PROMPT: Output only the entries, exactly as given, without the pictures.

PROVIDED ENTRIES:
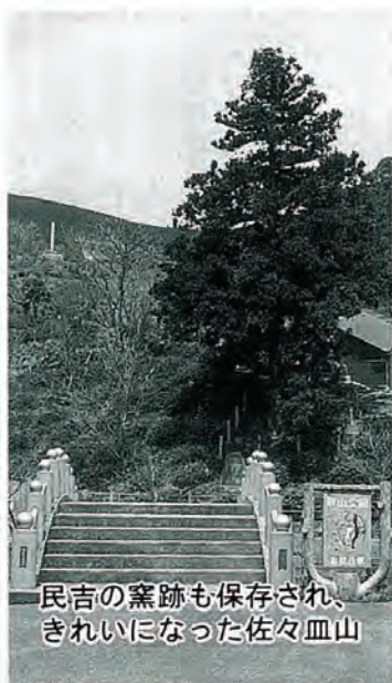
民吉の窯跡も保存され、きれいになった佐々皿山

ホームステイをしながら手づくりで仕上げたもの。一つの劇を、製作者と地元が協力して仕上げたところに意味があると思います。
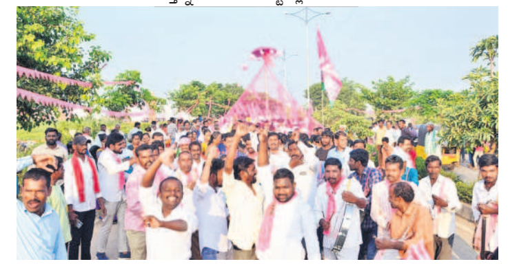
సిద్దిపేట ప్రజా ఆశీర్వాద సభకు జలవంది, నృత్యాలు చేస్తూ వస్తున్న ప్రజలు
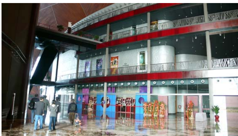
國家大劇院觀眾走道及禮品店

國家大劇院作為國家表演藝術的最高殿堂，關注藝術水準，由藝術委員會和藝術總監嚴把藝術關，堅持藝術性、經典性，堅持用發展的眼光、海納百川的開放胸襟，開創民族文化藝術的新格局。致力於向世界展示中國多民族表演藝術的卓越成就，追求藝術性、原創性、經典性，扶持中華民族原創舞臺表演藝術的發展，透過委託創作，政策扶持等鼓勵民族舞臺藝術的創作與展示，借助大劇院的舞臺將本土表演藝術推向世界。
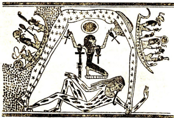
Нут и Геб. Древний Египет.
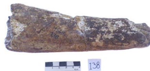
47 Haplomastodon chimborazi Frag. de RADIO
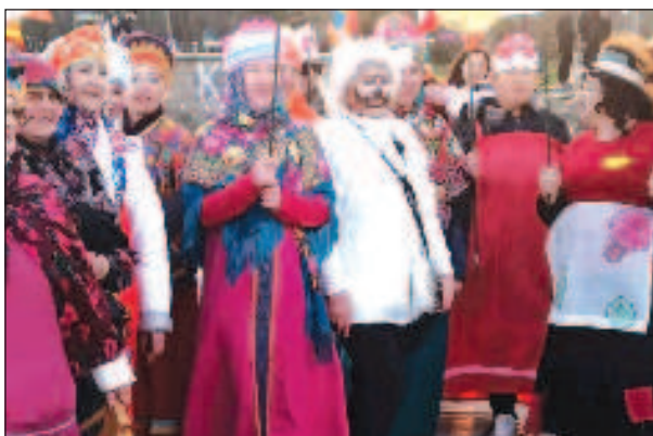
Бургас и море
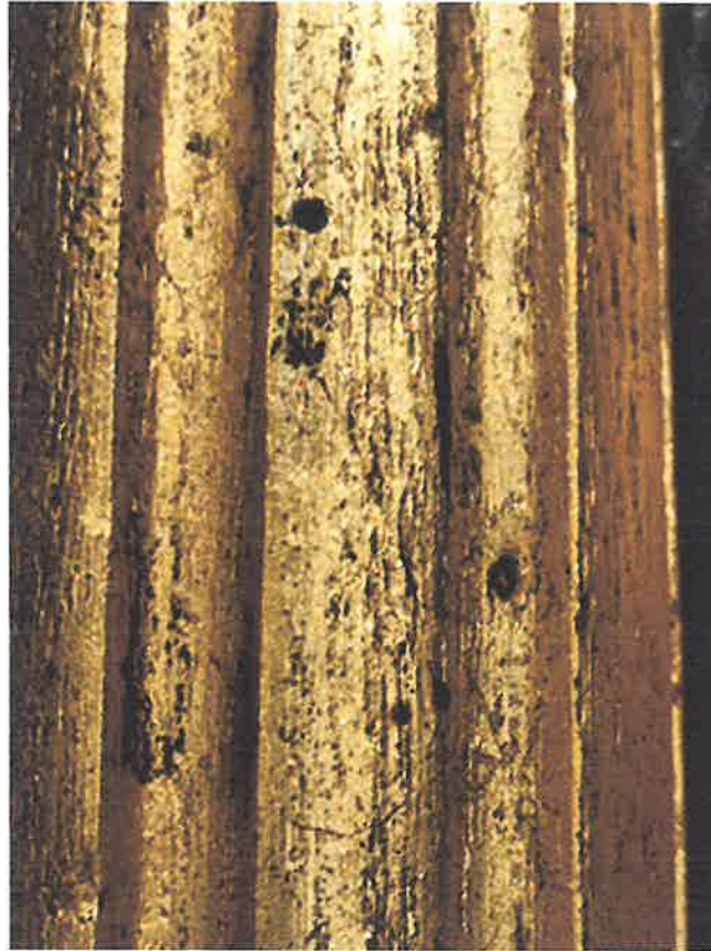
Zniszczenie dekoracji pozłotniczych

WRITTEN RESPONSE:
民吉の窯跡も保存され、きれいになった佐々皿山

ホームステイをしながら手づくりで仕上げたもの。一つの劇を、製作者と地元が協力して仕上げたところに意味があると思います。
సిద్దిపేట ప్రజా ఆశీర్వాద సభకు జలవంది, నృత్యాలు చేస్తూ వస్తున్న ప్రజలు
國家大劇院觀眾走道及禮品店

國家大劇院作為國家表演藝術的最高殿堂，關注藝術水準，由藝術委員會和藝術總監嚴把藝術關，堅持藝術性、經典性，堅持用發展的眼光、海納百川的開放胸襟，開創民族文化藝術的新格局。致力於向世界展示中國多民族表演藝術的卓越成就，追求藝術性、原創性、經典性，扶持中華民族原創舞臺表演藝術的發展，透過委託創作，政策扶持等鼓勵民族舞臺藝術的創作與展示，借助大劇院的舞臺將本土表演藝術推向世界。
Нут и Геб. Древний Египет.
47 Haplomastodon chimborazi Frag. de RADIO
Бургас и море
Zniszczenie dekoracji pozłotniczych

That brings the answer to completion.